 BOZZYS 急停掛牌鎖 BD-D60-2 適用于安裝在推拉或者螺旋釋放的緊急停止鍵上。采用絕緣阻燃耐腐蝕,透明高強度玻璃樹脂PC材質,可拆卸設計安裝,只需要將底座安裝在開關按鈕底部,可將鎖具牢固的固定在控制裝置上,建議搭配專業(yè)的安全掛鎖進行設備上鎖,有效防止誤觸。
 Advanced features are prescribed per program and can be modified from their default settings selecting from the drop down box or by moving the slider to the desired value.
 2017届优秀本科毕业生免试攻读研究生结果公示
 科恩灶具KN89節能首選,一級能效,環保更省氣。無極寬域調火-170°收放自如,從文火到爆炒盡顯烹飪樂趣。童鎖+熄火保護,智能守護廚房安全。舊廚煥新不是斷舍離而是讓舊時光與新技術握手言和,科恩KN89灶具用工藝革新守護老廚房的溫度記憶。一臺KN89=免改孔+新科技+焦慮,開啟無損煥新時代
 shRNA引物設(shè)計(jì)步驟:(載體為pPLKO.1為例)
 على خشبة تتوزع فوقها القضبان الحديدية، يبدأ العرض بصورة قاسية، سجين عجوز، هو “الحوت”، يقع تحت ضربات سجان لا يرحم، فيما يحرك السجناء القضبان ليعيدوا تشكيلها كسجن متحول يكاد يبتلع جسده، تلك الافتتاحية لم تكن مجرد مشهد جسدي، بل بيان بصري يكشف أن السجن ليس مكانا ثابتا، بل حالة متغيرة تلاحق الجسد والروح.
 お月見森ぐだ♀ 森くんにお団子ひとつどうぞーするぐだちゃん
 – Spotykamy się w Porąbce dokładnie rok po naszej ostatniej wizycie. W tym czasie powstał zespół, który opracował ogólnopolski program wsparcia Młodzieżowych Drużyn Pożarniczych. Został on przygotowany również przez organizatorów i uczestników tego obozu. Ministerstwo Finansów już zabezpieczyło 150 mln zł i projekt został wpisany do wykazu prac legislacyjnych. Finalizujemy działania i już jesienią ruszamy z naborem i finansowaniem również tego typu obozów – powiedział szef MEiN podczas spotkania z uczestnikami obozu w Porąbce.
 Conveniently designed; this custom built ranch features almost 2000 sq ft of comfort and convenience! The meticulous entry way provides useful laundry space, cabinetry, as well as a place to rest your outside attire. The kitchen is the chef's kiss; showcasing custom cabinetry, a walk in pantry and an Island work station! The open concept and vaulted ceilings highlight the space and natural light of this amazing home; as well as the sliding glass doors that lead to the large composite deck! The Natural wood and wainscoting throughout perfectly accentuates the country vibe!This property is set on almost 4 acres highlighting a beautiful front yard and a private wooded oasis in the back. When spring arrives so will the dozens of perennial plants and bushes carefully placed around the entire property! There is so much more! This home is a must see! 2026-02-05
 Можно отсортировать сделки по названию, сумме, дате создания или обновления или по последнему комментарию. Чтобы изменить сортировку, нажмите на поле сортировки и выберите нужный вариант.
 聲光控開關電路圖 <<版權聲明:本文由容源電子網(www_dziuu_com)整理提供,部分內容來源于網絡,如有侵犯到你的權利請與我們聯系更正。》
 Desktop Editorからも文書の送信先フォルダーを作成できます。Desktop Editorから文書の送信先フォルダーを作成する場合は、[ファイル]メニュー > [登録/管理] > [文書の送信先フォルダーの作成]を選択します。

* **TASK DESCRIPTION**
Write down exactly every line of the material above up to and including the line containing "科恩灶具KN89節能首選,一".

* **OUTPUT OF THE EXERCISE**
 BOZZYS 急停掛牌鎖 BD-D60-2 適用于安裝在推拉或者螺旋釋放的緊急停止鍵上。采用絕緣阻燃耐腐蝕,透明高強度玻璃樹脂PC材質,可拆卸設計安裝,只需要將底座安裝在開關按鈕底部,可將鎖具牢固的固定在控制裝置上,建議搭配專業(yè)的安全掛鎖進行設備上鎖,有效防止誤觸。
 Advanced features are prescribed per program and can be modified from their default settings selecting from the drop down box or by moving the slider to the desired value.
 2017届优秀本科毕业生免试攻读研究生结果公示
 科恩灶具KN89節能首選,一級能效,環保更省氣。無極寬域調火-170°收放自如,從文火到爆炒盡顯烹飪樂趣。童鎖+熄火保護,智能守護廚房安全。舊廚煥新不是斷舍離而是讓舊時光與新技術握手言和,科恩KN89灶具用工藝革新守護老廚房的溫度記憶。一臺KN89=免改孔+新科技+焦慮,開啟無損煥新時代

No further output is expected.